# Beautiful voice - 432Hz content!



## dr_kotasz (Apr 17, 2013)

Hi all,

this is a little cover, made by my girlfriend.
She is the singer of my band. She did this cover to try, how to sing in this 432Hz A tuning we plan to try.

Her notes:
"This is my first cover using 432 Hz tuning. Not an easy but interesting experiment!  Making karaoke by midi and VSTi, -32 cent by ASD, recording and effecting voice by TC-helicon VoiceLive Touch. Pictures by me years ago (Hungary).
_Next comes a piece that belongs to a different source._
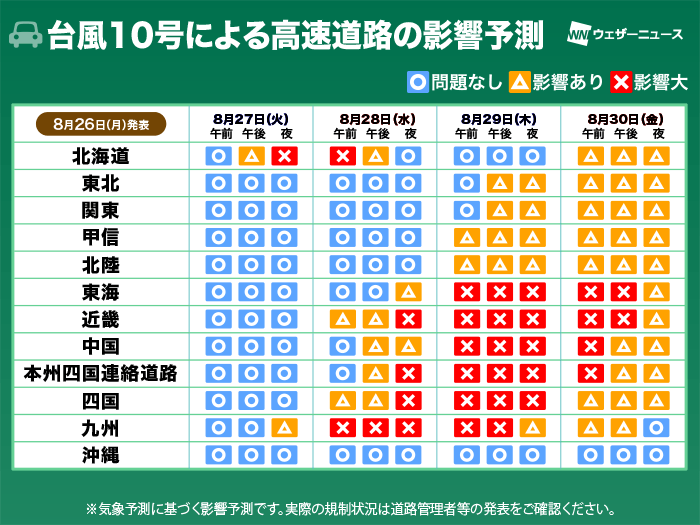 台風10号の接近・上陸に伴い、九州では27日(火)遅くから影響が出始めることが考えられます。西日本を中心に大雨や暴風が予想され、広範囲で通行止めが発生する可能性があります。 東海も29日(木)以降は大雨と強い風により、通行止めとなる路線がある見込みです。

Feel the Path of the Wind! "


----------



## Albionic (Apr 18, 2013)

lovely voice but i think we need some pics


----------



## TonyFlyingSquirrel (Apr 18, 2013)

Very Nice, all around.

I had a friend/co-worker years ago that was from Budapest.


----------



## JLP2005 (Apr 18, 2013)

TonyFlyingSquirrel said:


> Very Nice, all around.
> 
> I had a friend/co-worker years ago that was from Budapest.



He has friends!  

He will lead us!


----------



## dr_kotasz (Apr 18, 2013)

Albionic said:


> lovely voice but i think we need some pics





Ok, well, here she is. "My precious"


----------



## dr_kotasz (Apr 18, 2013)

TonyFlyingSquirrel said:


> Very Nice, all around.
> 
> I had a friend/co-worker years ago that was from Budapest.




I laugh if I knew him/her. 
Name?


----------



## Albionic (Apr 19, 2013)

nice


----------